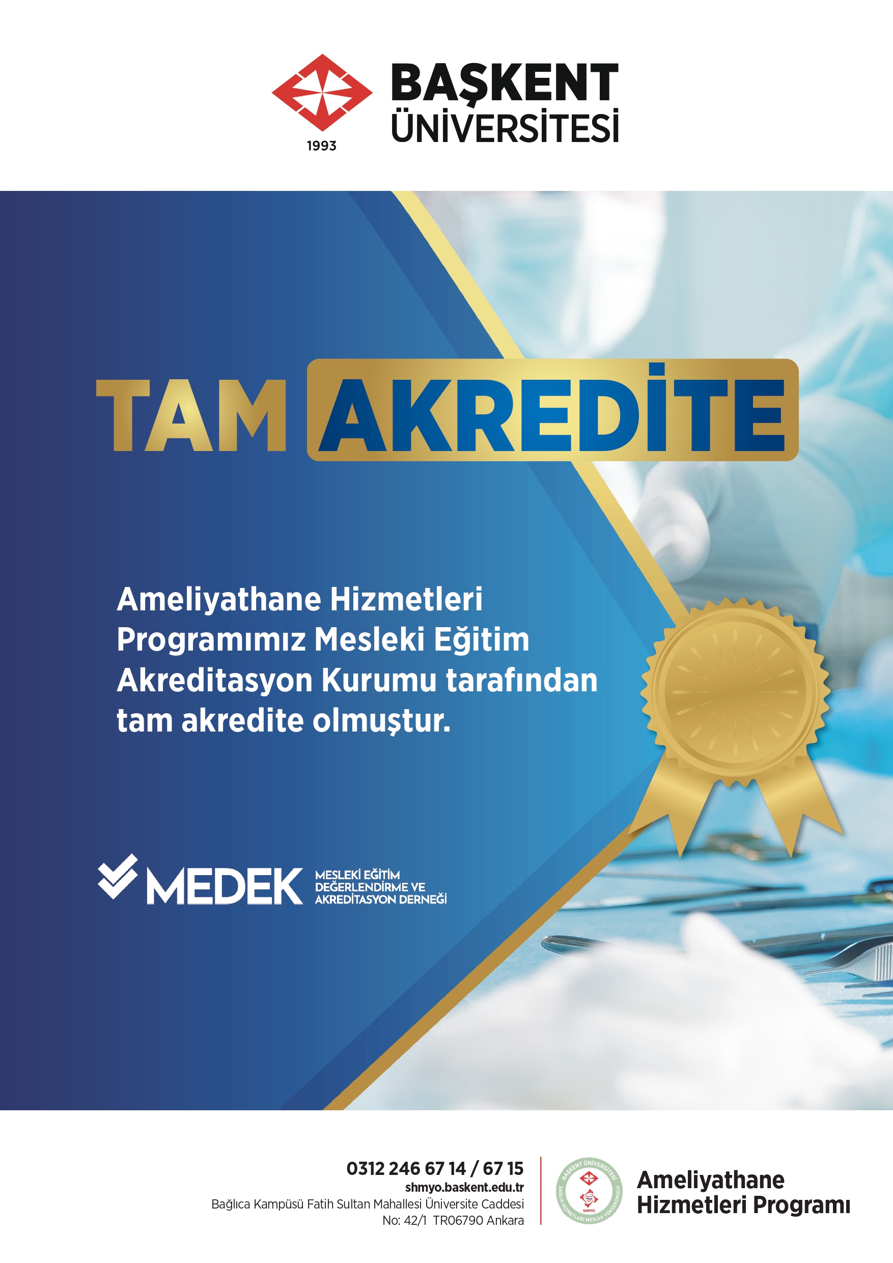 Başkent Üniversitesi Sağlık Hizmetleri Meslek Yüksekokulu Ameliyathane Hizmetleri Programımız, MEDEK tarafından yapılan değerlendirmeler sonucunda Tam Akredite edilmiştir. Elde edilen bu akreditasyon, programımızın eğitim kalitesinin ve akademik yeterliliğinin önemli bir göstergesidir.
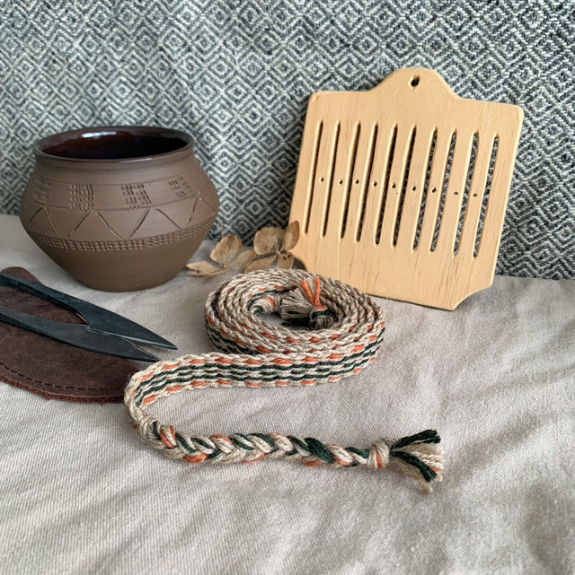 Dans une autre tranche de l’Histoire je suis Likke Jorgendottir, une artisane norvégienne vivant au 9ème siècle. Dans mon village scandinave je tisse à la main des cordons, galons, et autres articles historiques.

---

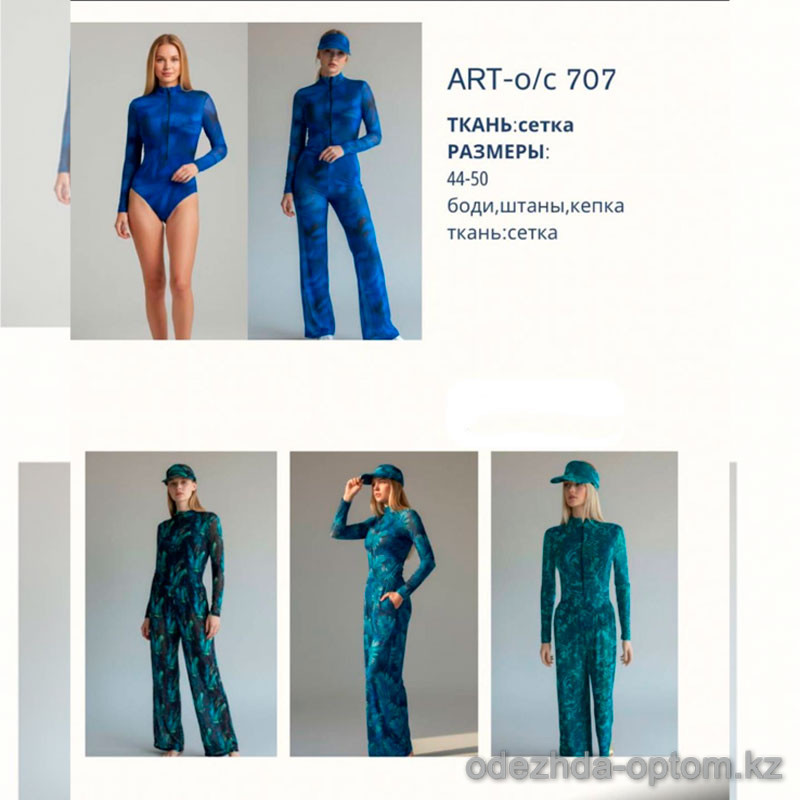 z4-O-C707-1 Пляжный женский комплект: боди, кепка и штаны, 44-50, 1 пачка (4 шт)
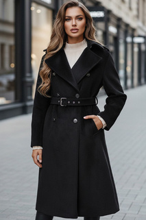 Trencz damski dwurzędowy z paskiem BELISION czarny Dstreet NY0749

---

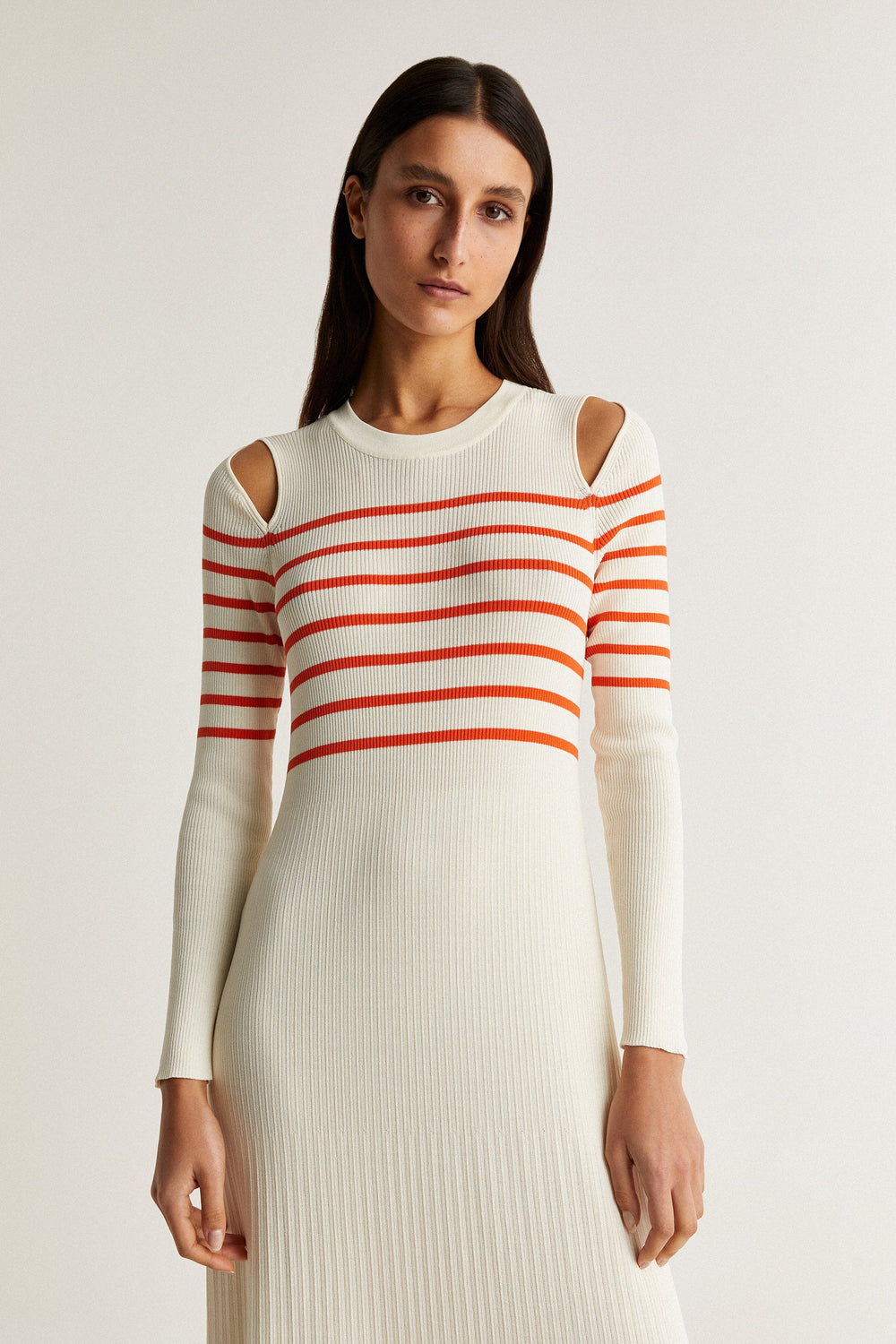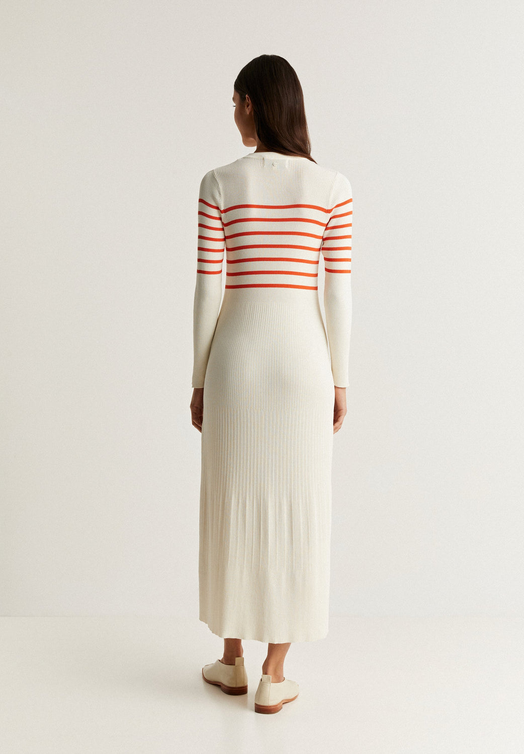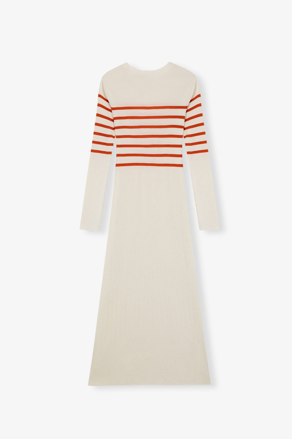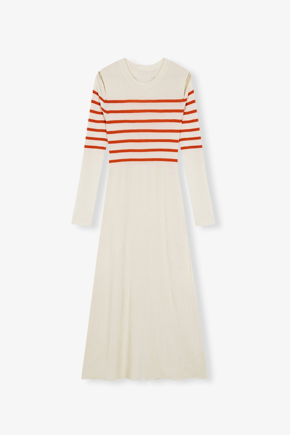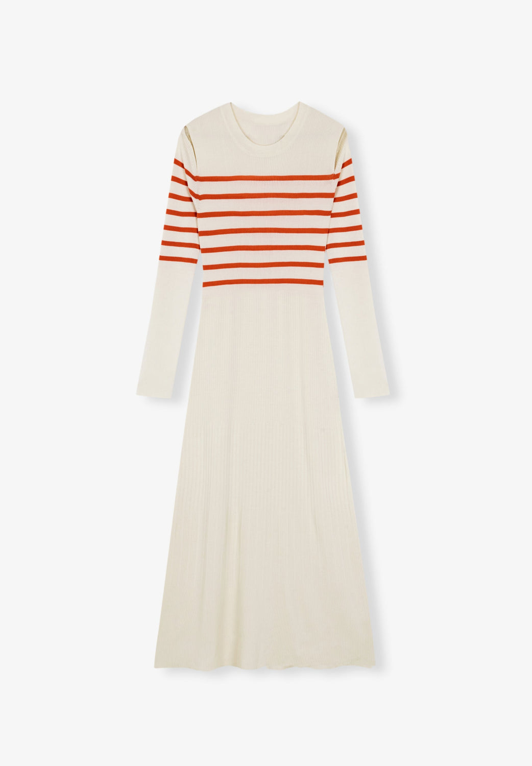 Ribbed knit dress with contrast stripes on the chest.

- WHAT YOU WILL DO:
What is needed is an exact copy of the lines above from the one with "Başkent Üniversitesi Sağlık" to the one with "Dans une autre", both ends kept, and nothing more; please leave the pictures out.

- EXERCISE OUTPUT:
 Başkent Üniversitesi Sağlık Hizmetleri Meslek Yüksekokulu Ameliyathane Hizmetleri Programımız, MEDEK tarafından yapılan değerlendirmeler sonucunda Tam Akredite edilmiştir. Elde edilen bu akreditasyon, programımızın eğitim kalitesinin ve akademik yeterliliğinin önemli bir göstergesidir.
 Dans une autre tranche de l’Histoire je suis Likke Jorgendottir, une artisane norvégienne vivant au 9ème siècle. Dans mon village scandinave je tisse à la main des cordons, galons, et autres articles historiques.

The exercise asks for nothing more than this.